28 August 2012

Exit, Phase Four: (End of) Traveling

One more road trip before the settling process, this time with a high concentration of rivers and streams, all due north by northwest. A quick stop to witness Titus Andronicus's reign of terror (and lamentable tragedy) and it was back to the homeland. The trip was about bodies of water, a brother I hadn't seen in too long a time, and the chance to spend some time alone in the mountains. These are the eyes of my eyes.

Middle Fork John Day River: Small streams, happy native trout. Originating in Oregon's Blue Mountains, the John Day River and it's branches add up to the third longest free-flowing river in the continuous United States.

Desolation Creek: Also in the Blue Mountains, Desolation Creek teams up with the North Fork of the John Day River around the hamlet of Dale. I almost passed this one by as the heat of the day was oppressive and at times the creek was barely a trickle. But I grabbed a beer, caught a couple Redband trout (a subspecies of the Rainbow trout), and walked the creek until I found this hole:

Most of the creek wasn't deep enough to support a population of large fish. This hole, though, was deep enough to drown in and as I stood on its banks I watched a group of about six of the largest fish I've ever seen outside of an aquarium. Most of them must have been Brown trout as they huddled together and never left the bottom. There was at least one Chinook or Steelhead salmon in there, however, and it was quite clearly in charge. Much bigger, much blacker than the trout, the salmon pushed others out of the way for food and every once in a while surfaced for a fly with a slow rolling movement that resembled something more akin to the Loch Ness Monster than any other cold-blooded, aquatic, vertebrate.

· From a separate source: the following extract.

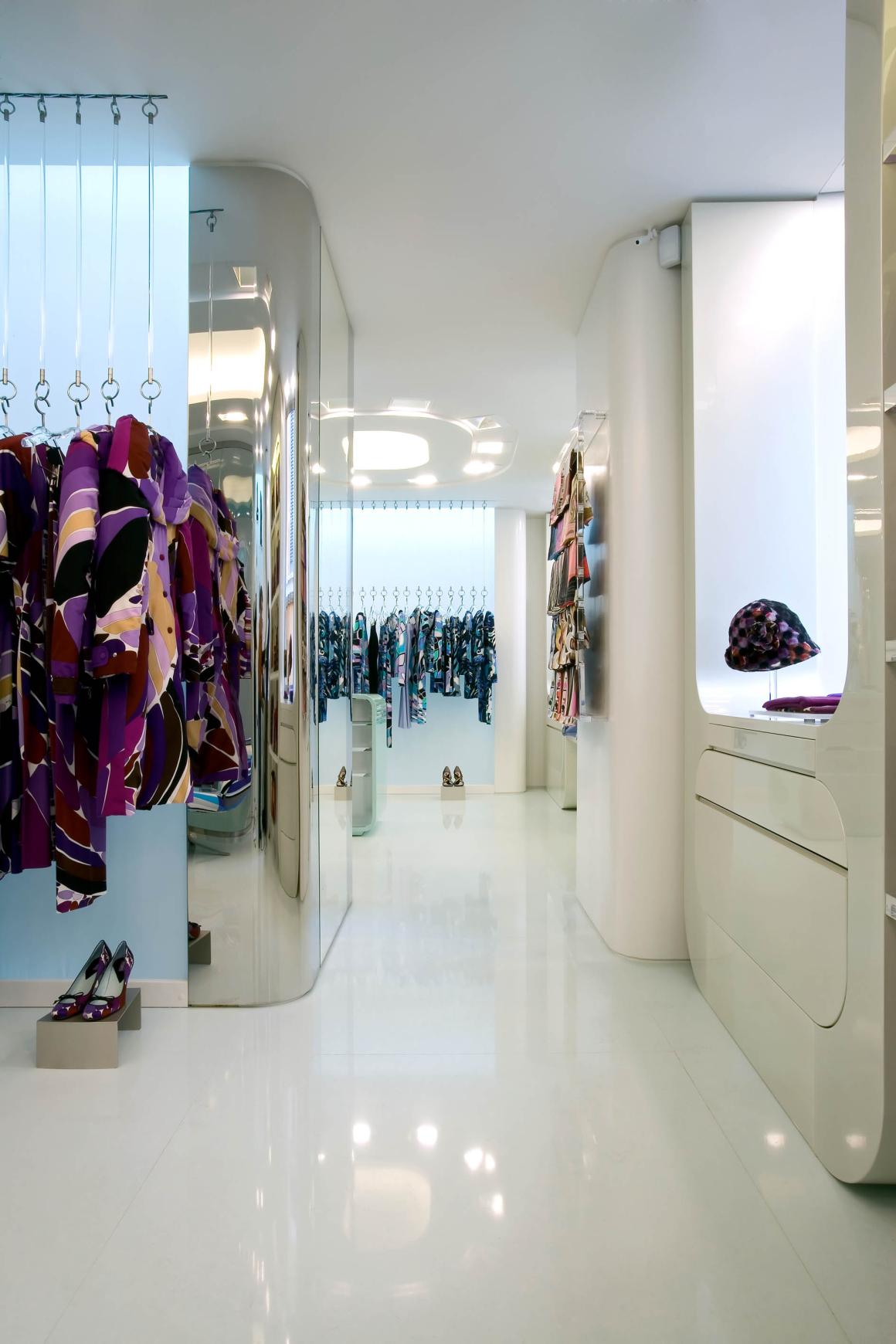 这一重要空间刻意采用中性背景设计,为突显Pucci万花筒万花筒般绚丽多彩系列产品的活力设计 室水平与垂直元素的和谐融合,融合成一个单一、流动的实体,贯穿整个空间环境。从纽约到米兰,从东方到美国,Pucci精品店已入驻全球多个时尚之都,成为这些城市中不可或缺的奢华地标。

The beast was impressive and neither it nor the trout wanted anything to do with anything I threw at them. Silly human. Fair enough, watching something so ancient and beautiful was a humbling privilege. As Cormac McCarthy wrote: "In the deep glens where they lived all things were older than man and they hummed of mystery."

North Fork John Day River: Water as warm as a bath. Welcome mountain whitefish.

Here I paused for a quick civilization break and a half day's trip to the source of countless rivers and streams.

A kinder, gentler, moonlighting Titus:

Then back to the road and back to the water.

Bumping Lake.

Upper Naches River: clear, cold, fast, and seemingly devoid of fish. Why? I inquired but was given no answer. A friend of the devil is a friend of mine.

The trip ended where it began, back in northeastern Oregon among small streams and giant Ponderosa Pines. Dry country with very little water.

Allen Creek: Yes, there are fish in there. I'm less surprised by big fish that live in big streams than I am small fish that are able to eke a living from the smallest, most delicate, most fragile of ecosystems.

Out of the trees and into the desert. A nail in a tire and rescued by Les Schwab. Born and raised on the Oregon Trail. The end of traveling. Time to work. I will be happy to close my eyes on new places, or half close 'em with new faces.